LUIS ARMANDO  TOLOSA VILLABONA  

Magistrado  ponente  

STC9477-2021  

Radicación  n.° 11001-02-04-000-2021-00620-01  

(Aprobado en  sesión de veintiocho de julio de dos mil veintiuno)  

Bogotá,  D. C., veintinueve (29) de julio de dos mil veintiuno (2021)  

Decide  la Corte la impugnación formulada respecto de la sentencia  proferida el  4 de mayo de 2021,  por la Sala  de Casación Penal,  en la acción de tutela incoada por Aristalco  José Ramírez Pérez contra la Sala de Casación  Laboral,  con  ocasión del juicio ordinario, promovido por el aquí  actor a la Administradora Colombiana de Pensiones –  Colpensiones.  

            

1. ANTECEDENTES  

1.  El accionante exige la protección de sus derechos al  debido proceso y acceso a la administración de justicia, entre  otros, presuntamente  transgredidos por la autoridad convocada.  
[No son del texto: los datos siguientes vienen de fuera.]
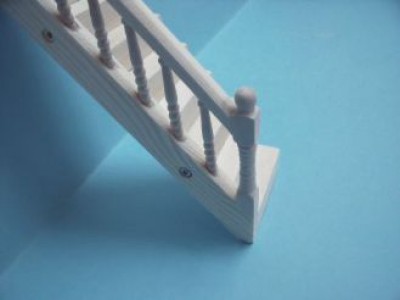 Dolls house wooden cottage stairs [unpainted] complete with bannister rail, Newels and spindles assembled ready to use, 13 treads x 50m/m wide, height – floor to floor 195m/m [7.62″ approximately]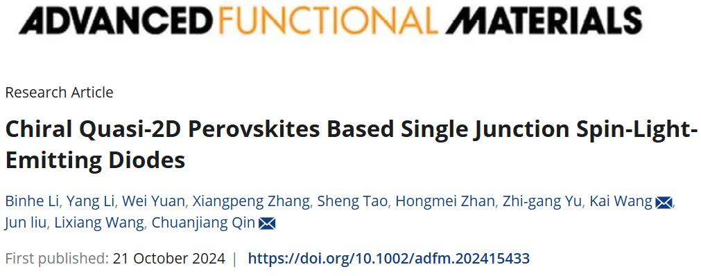 近日,長(zhǎng)春應(yīng)化所秦川江研員團(tuán)隊(duì)在手性準(zhǔn)二維發(fā)光二極管方面取得重要進(jìn)展,研究成果以“Chiral quasi-2D perovskites based single junction spin-light-emitting diodes”為題發(fā)表在國(guó)際**期刊Advanced Functional Materials 上。長(zhǎng)春應(yīng)用化學(xué)研究所為該論文第一單位,李彬和博士為第一作者,秦川江研究員、王愷教授為共同通訊作者。今天小卓為大家分享該研究成果,希望對(duì)您的科學(xué)研究或工業(yè)生產(chǎn)帶來一些靈感和啟發(fā)。

2. Del libelo  tutelar y de la información aquí allegada, se  sintetizan, en lo relevante, los siguientes supuestos fácticos:  

Aristalco José  Ramírez Pérez promovió demanda ordinaria en  contra de la Administradora Colombiana de Pensiones –  Colpensiones, solicitando el reconocimiento de la pensión de  vejez a la luz del Acuerdo 049 de 1991.  

En el compendio  fáctico de ese asunto se alegó que el aquí actor  tiene en su haber 828,55 semanas cotizadas, de las cuales 652 se  encuentran dentro de los 20 años anteriores al cumplimiento de  la edad para acceder a la referida prestación económica.  

Ese litigio fue  zanjado por el Juzgado Primero Laboral del Circuito de Sincelejo,  quien, mediante providencia de 9 de julio de 2015, concedió  las pretensiones invocadas.  

El 25 de julio de  2016, el Tribunal Superior del Distrito Judicial de la citada ciudad,  revocó la determinación de primera instancia, al  establecer que el petente no contaba con la densidad de semanas  exigidas por el Acuerdo 049 de 1991, para acceder a la jubilación  solicitada.  

En sentencia  SL4392 de 4 de noviembre de 2020, la Sala de Casación Laboral,  decidió “no  casar”  el fallo de segundo grado.  

3.  Pide, en concreto, se ordene “dictar  un nuevo fallo que se ajuste a la jurisprudencia” aplicable  al caso bajo estudio.  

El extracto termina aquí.